Jeff Haley, the Founder and CEO of C-Axis Inc., recognised the unique opportunity for contract manufacturing of medical devices in Puerto Rico and opened a plant there in 2003, just six years after starting his company in Hamel, Minnesota. Since then, C-Axis’s Puerto Rican operation has grown to over 50 employees to serve a number of the leading medical device companies on the island, including Medtronic, Stryker, Johnson & Johnson and U.S. Surgical among others.
“Our biggest challenges include designing a machining process that meets our quality standards, proving out the processes before interrupting the machine’s production, and reducing our set-up times,” says Mr. Haley. “Our PartMaker CAM software allows us to design and troubleshoot our processes off-line, on an inexpensive computer instead of on a very expensive machine tool. We can examine and optimise the process prior to even starting the set-up.

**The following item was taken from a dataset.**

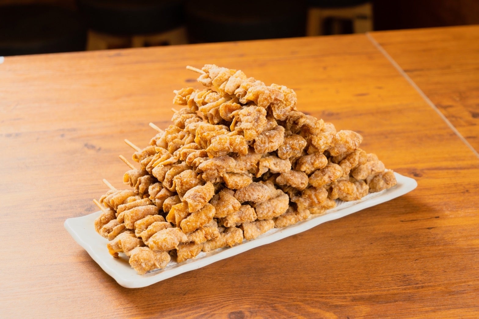 ブラジルの元プロサッカー選手の『佐野直史』が開発した「伝串®」。特許庁からも認められた唯一無二の揚げ皮串。

When we load the programs and set up the machine, we are virtually ready to start production.”
“Without the software, we would not be able to do as much complex milling as we do,” says Jeff Geronsin, the plant’s CNC programmer. “Even basic programming can be done with PartMaker in half the time that it used to take writing it manually. For example, if we are milling out pockets and decide to change an end-mill size, PartMaker can do calculations in seconds which could take hours when programming manually.”
“Medical parts require a level of perfection that is not seen on other types of device,” claimed Mr. Geronsin. “The cosmetic look of the part is very important to customers. As a result, we’ve had to do surface machining on our Swiss machines. Without PartMaker, we’d have had to turn down those components.”

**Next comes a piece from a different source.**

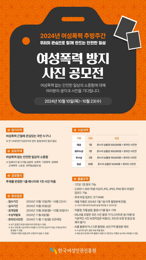 ■ 공모내용 여성폭력 없는 안전한 일상의 소중함 ※ 딥페이크 등 디지털 성범죄·성폭력·가정폭력·성매매 교제폭력·스토킹·권력형성범죄 등 ■ 참가자격 여성폭력 근절에 관심있는 국민 누구나 ■ 출품수 주제를 반영한 1줄 메시지와 1컷 사진 작품 1인당 1점 응모 가능 ■ 참가방법 공모전 홈페이지를 통한 직접 접수 ■ 작품규격 - 2,000×1,500 픽셀 이상의 JPG, JPEG, PNG 형식 파일만 업로드 가능 - 최대 파일 업로드 크기 6MB - 제출 작품은 2024년 1월 1일 이후 촬영본에 한함. ※ 사진의 메타데이터(날짜등을) 확인할수 있어야 함. - 작품명, 작품설명, 촬영시기를 필수기재 - DSLR을 포함한 모든 사진 촬영기기(스마트폰 등) 허용 및 기본적인 사진 보정작업은 허용(단, 과도한 보정 및 합성 등 왜곡 불가) - AI를 활용하거나 드론촬영본, 보안구역 촬영본 제외 ※ 수상자의 경우 원본파일 제출 필요 ※ 화질 등의 문제로 추후 활용이 어렵다고 판단되는 작품은 심사에서 제외될 수 있음 ■ 시상내역 대상 1점 : 온누리상품권 50만원 + 온라인 사진전 최우수상 1점 : 온누리상품권 30만원 + 온라인 사진전 우수상 2점 : 각 온누리상품권 10만원 + 온라인 사진전 입상 36점 : 각 온누리상품권 1만원 + 온라인 사진전 ■ 결과발표 2024년 11월 4일(월) |

The geometric complexity of the medical parts is compounded by the complexity of the company’s multi-axis Swiss-type lathes. Two of their Swiss machines, a Star ECAS 20 and ECAS-20T, require three simultaneous CNC programs to be written to support the machines’ numerous axes. PartMaker lets the user quickly synchronize the machine’s numerous programmable axes to achieve the optimum cycle time. Once the synchronization strategy has been set, the software displays a visual time study, showing the amount of time being spent on the main spindle, the amount of cycle time on the sub-spindle, and the overall cycle time incorporating any overlapping machining time. The results are shown in the form of a histogram that clearly indicates where additional opportunities for time savings exist. The software also produces accurate cycle times for use in quotations.
Once the process of developing tool paths and performing process synchronization is complete, the part can be simulated on screen in a vivid 3D simulation. This detects any tool collisions or machine crashes. With parts getting smaller and more complex, this visualisation capability is critical to the continued success at C-Axis.